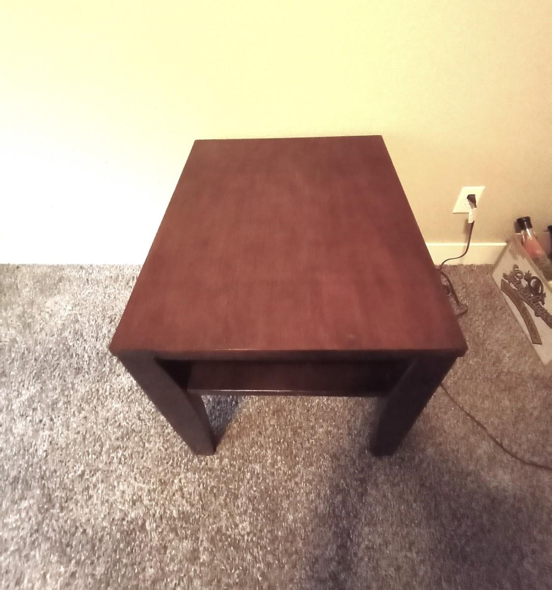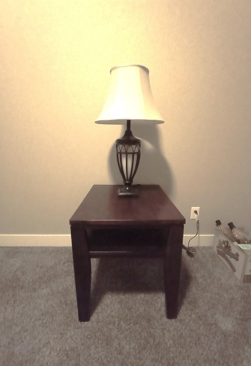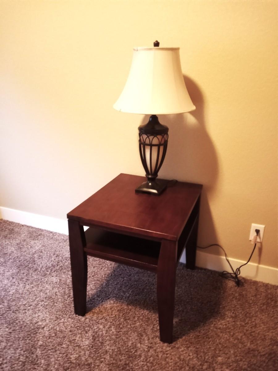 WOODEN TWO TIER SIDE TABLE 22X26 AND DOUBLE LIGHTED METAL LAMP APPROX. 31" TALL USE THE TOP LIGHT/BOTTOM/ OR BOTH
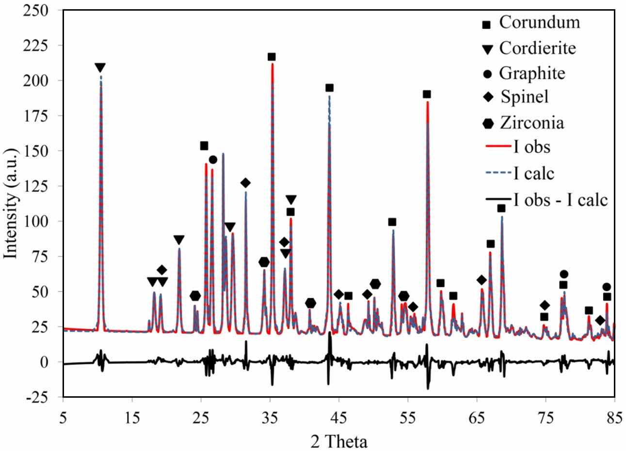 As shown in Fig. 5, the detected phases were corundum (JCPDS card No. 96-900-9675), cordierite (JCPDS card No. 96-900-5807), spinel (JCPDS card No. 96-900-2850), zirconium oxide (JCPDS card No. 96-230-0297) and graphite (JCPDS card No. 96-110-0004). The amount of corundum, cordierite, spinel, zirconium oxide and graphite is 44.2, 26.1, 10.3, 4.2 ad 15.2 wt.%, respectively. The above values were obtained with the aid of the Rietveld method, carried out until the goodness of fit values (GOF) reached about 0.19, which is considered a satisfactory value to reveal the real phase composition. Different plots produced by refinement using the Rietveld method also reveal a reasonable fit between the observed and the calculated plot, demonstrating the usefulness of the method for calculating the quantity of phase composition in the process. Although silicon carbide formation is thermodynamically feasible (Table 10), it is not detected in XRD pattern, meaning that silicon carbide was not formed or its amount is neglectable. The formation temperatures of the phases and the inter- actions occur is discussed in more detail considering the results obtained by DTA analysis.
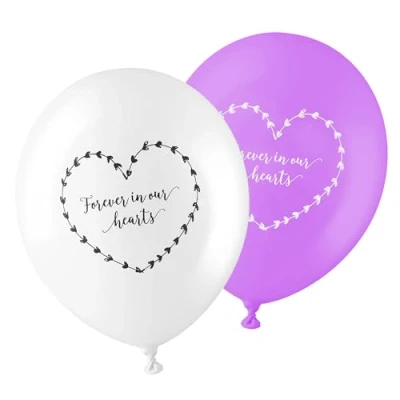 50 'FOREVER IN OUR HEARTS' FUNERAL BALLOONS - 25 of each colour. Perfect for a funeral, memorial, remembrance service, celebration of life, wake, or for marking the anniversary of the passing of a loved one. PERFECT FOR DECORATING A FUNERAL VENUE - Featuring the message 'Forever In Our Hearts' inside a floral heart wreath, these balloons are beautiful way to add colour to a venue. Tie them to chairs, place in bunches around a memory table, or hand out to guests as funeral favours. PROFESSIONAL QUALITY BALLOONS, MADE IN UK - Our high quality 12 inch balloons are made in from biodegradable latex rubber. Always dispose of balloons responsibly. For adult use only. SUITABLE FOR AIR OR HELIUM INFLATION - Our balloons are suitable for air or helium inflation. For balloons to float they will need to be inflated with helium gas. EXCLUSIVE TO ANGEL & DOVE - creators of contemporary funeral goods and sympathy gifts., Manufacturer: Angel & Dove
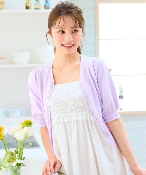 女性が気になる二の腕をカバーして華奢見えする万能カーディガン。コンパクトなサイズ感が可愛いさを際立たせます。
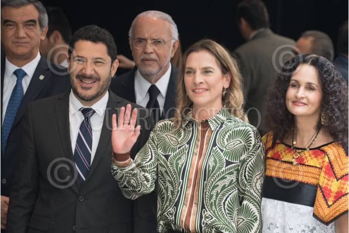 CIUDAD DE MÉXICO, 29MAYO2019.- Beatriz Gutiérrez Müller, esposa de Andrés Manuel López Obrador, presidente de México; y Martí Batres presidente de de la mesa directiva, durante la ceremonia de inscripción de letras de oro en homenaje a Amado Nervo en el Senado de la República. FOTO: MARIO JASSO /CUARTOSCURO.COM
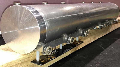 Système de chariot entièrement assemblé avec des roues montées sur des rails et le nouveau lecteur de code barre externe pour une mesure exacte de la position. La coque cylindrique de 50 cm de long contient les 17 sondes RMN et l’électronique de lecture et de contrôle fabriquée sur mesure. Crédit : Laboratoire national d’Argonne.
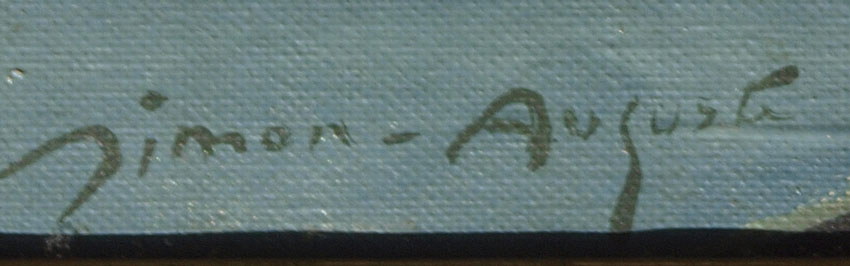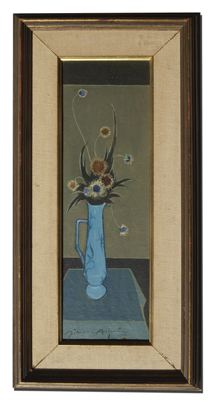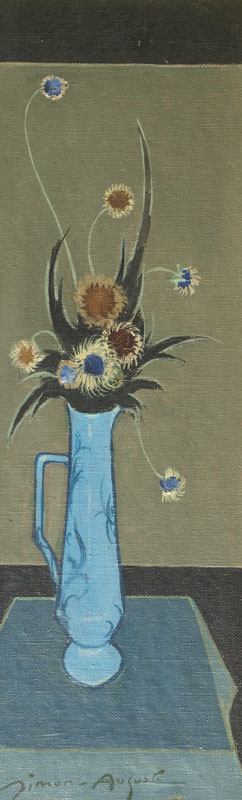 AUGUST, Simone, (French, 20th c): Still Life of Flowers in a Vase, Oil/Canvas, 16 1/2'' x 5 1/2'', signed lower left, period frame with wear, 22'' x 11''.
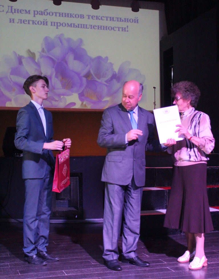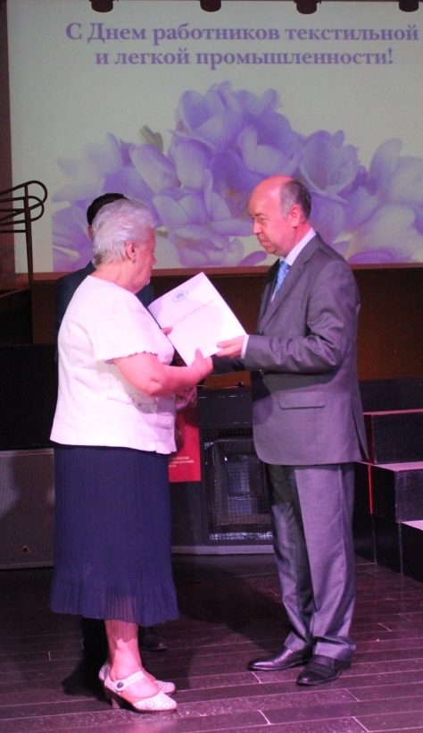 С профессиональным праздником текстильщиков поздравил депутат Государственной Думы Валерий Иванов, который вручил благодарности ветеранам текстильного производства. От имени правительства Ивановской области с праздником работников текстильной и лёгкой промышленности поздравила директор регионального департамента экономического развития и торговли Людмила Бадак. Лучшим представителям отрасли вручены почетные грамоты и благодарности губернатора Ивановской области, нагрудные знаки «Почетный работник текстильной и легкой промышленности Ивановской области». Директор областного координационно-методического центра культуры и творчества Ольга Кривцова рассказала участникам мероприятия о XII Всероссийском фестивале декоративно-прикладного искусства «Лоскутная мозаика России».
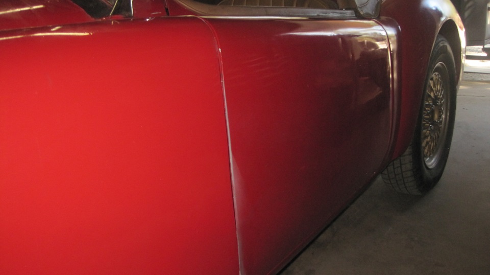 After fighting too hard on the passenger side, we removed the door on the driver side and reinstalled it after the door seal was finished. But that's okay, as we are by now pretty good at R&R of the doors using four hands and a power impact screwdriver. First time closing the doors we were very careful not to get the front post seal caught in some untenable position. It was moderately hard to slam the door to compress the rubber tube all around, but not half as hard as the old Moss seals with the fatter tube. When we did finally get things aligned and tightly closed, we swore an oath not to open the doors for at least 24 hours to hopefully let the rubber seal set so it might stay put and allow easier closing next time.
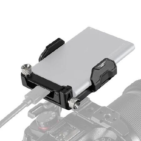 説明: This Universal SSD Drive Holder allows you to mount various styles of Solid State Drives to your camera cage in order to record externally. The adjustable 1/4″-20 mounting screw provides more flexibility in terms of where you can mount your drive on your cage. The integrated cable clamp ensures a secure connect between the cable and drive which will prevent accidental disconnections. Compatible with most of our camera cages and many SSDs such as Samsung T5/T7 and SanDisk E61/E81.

-------------------------

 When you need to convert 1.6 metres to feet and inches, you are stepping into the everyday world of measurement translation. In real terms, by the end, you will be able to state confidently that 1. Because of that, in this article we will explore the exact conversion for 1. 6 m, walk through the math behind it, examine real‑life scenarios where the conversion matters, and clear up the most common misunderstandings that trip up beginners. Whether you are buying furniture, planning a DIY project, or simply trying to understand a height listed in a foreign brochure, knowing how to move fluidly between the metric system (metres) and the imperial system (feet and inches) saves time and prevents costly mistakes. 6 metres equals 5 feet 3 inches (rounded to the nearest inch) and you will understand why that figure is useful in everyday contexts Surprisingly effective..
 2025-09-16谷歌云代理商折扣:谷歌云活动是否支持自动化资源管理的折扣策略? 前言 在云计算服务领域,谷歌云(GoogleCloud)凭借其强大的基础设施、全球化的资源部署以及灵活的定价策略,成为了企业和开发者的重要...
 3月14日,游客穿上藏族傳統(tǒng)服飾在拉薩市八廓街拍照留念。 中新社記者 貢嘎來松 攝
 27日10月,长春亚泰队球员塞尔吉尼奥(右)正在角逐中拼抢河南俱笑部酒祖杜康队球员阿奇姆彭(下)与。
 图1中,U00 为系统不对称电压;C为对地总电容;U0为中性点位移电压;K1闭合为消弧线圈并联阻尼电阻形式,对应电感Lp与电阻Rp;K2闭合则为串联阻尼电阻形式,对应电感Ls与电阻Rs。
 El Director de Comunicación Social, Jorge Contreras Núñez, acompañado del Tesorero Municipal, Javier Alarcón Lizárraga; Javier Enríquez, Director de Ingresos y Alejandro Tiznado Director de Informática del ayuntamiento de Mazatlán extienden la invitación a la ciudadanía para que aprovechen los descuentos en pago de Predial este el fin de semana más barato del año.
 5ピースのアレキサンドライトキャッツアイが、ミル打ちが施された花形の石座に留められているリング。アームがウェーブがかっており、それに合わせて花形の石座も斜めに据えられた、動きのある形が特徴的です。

-------------------------

EXERCISE GOAL
Starting at the line containing "Système de chariot" and stopping at the line containing "С профессиональным праздником", output every line above exactly, both ends included, with pictures omitted.

EXERCISE OUTPUT
 Système de chariot entièrement assemblé avec des roues montées sur des rails et le nouveau lecteur de code barre externe pour une mesure exacte de la position. La coque cylindrique de 50 cm de long contient les 17 sondes RMN et l’électronique de lecture et de contrôle fabriquée sur mesure. Crédit : Laboratoire national d’Argonne.
 AUGUST, Simone, (French, 20th c): Still Life of Flowers in a Vase, Oil/Canvas, 16 1/2'' x 5 1/2'', signed lower left, period frame with wear, 22'' x 11''.
 С профессиональным праздником текстильщиков поздравил депутат Государственной Думы Валерий Иванов, который вручил благодарности ветеранам текстильного производства. От имени правительства Ивановской области с праздником работников текстильной и лёгкой промышленности поздравила директор регионального департамента экономического развития и торговли Людмила Бадак. Лучшим представителям отрасли вручены почетные грамоты и благодарности губернатора Ивановской области, нагрудные знаки «Почетный работник текстильной и легкой промышленности Ивановской области». Директор областного координационно-методического центра культуры и творчества Ольга Кривцова рассказала участникам мероприятия о XII Всероссийском фестивале декоративно-прикладного искусства «Лоскутная мозаика России».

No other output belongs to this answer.